I love that comment.  Things are all going exactly to plan!

Personally, I wouldn’t be surprised to find that there was very little in the way of plans.  EA and BioWare had a more than a decade of MMOs to study and learn from, and yet they made the same mistakes we have seen multiple times.

I think, looking back on things, that the most surprising thing about Star Wars: The Old Republic has been its total lack of surprises.

The last time SWTOR had a good surprise

It wasn’t a surprise when it was announced BioWare was going to make a Star Wars MMO.  It wasn’t a surprise when the budget ballooned to around half a billion dollars all told.  It wasn’t a surprise when all that money invested meant that no risks could be taken.  It wasn’t a surprise when EA got LucasArts to kill off Star Wars Galaxies to limit the competition.  It wasn’t a surprise when it played like a BioWare single player RPG.  It wasn’t a surprise when sales spiked initially and then fell off.  It wasn’t a surprise when subscription numbers began to crash.

And, finally, after weeks of hinting, it wasn’t even in the same ZIP code as anything resembling a surprise when EA announced yesterday that SWTOR was going to go free to play. (Massively was in such a rush to post the story that they missed the whole “another big subscription drop” aspect and had to go back and revise it.)  Some gaming news sites went out of their way to make sure everybody knew this was in no way a surprise.

The whole SWTOR charade, from kick off to current day, has been tedious and predictable and, like the game itself, brought exactly nothing new to the table.  Nothing.  The game even opened up like its predecessor almost point for point.  The problems were all foreseen by too many to be a lucky guess.

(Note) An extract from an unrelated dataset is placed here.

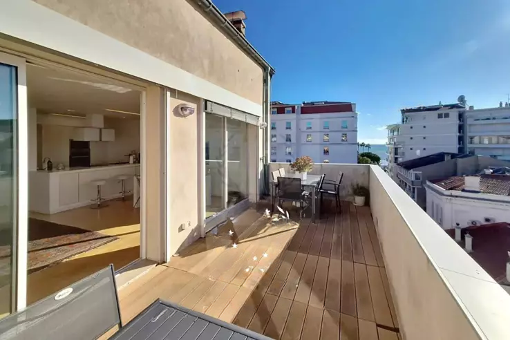 Основная квартира, великолепный дуплекс, порадует вас своим частным террасой площадью 18 м² с боковым видом на море. Она включает просторную светлую гостиную, полностью оборудованную открытую кухню с подсобным помещением и гостевой туалет. На этаже: две красивые спальни с душевыми, родительская спальня с джакузи, встроенным гардеробом и душевой, плюс возможность третьей спальни. Два смежных студио на том же этаже идеально дополняют комплекс, предлагая удивительную гибкость использования для офиса, семейного жилья или инвестиционного арендного жилья. Эта уникальная конфигурация позволяет объединить или сохранить все три объекта разделёнными в зависимости от ваших потребностей. Идеально подходит для основной резиденции, инвестиционного арендного жилья или как точка доступа в одном из самых востребованных районов Канн.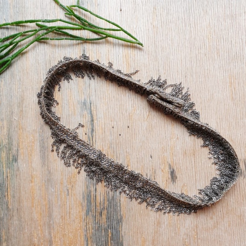 Rankų darbo apyrankė - kaklo papuošalas, pagaminta iš bronzos, supinta su liurekso siūlais ir puošta kabačiomis grandinėlėmis. Spaudžių pagalba apyrankė didinasi ir mažinasi.

The last four years of SWTOR has been like a grotesque parody of MMORPG development.  Things have gone from the peak of hubris, when EA was targeting 11 million players, to the CEO of EA saying that SWTOR really isn’t their most interesting property in a mis-guided effort to direct attention away from it. (Now though he says SWTOR performance was disappointing.)

And you know what else won’t be a surprise?  When EA screws up going free to play by giving away too much for free at the start and then turning around and pissing everybody off by having to “take” some of the “free” back.  You watch.  They have messed that up in the past, and they will be anxious to boost numbers in the short term to show that the transition to F2P is a success.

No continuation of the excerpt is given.